Broom of the System

Contrarianism as Dogma

October 27, 2009

Social-science superstars Steven Levitt and Stephen Dubner and Slate music critic Jonah Weiner all triggered firestorms in the past week by endorsing propositions most sensible people would find absurd. Levitt and Dubner’s sequel to “Freakonomics,” the ever-creatively titled “Superfreakonomics,” included a chapter on global warming urging complacency and riddled with inaccuracies, from its assertion that curbing carbon emissions cannot prevent catastrophic climate change (it can) to its argument that solar panels contribute to global warming because they are black and radiate heat (they don’t, and in fact most are blue). Weiner, meanwhile, argued that the late-’90s atrocity of a band—Creed—is underrated.

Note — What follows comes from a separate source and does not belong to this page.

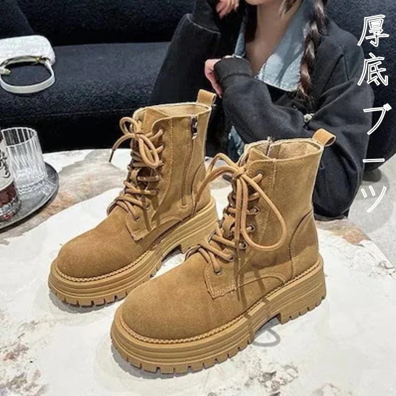 レディース 厚底 つや消し ショートブーツ の新作 ブーツ チャンキーヒール 24 カジュアル 韓国 マフィン レース
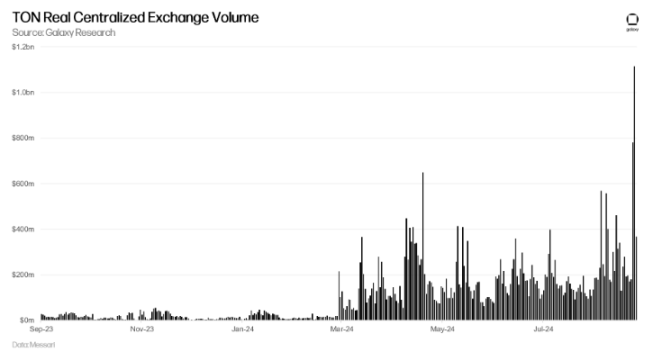 根据 Messari 的计算(去除刷量交易后),中心化交易所中 TON 近日交易量在 2 亿至 6 亿美元之间,其中 2024 年 8 月 25 日(星期日)的交易量为今年最大的一天,超过 10 亿美元。

As one would expect, each piece of nonsense triggered a strong counter reaction. Environmental bloggers and advocacy groups jumped on Levitt and Dubner, picking apart each and every piece of misinformation that they are using their fame to spread. Criticism of Weiner was centered on Twitter, where users offered satirical “Slate pitches” with theses as ridiculous as the notion that Creed has any redeeming value, like “Suicide: Why it might not actually kill you” or “Bank of America: Too awesome to fail.”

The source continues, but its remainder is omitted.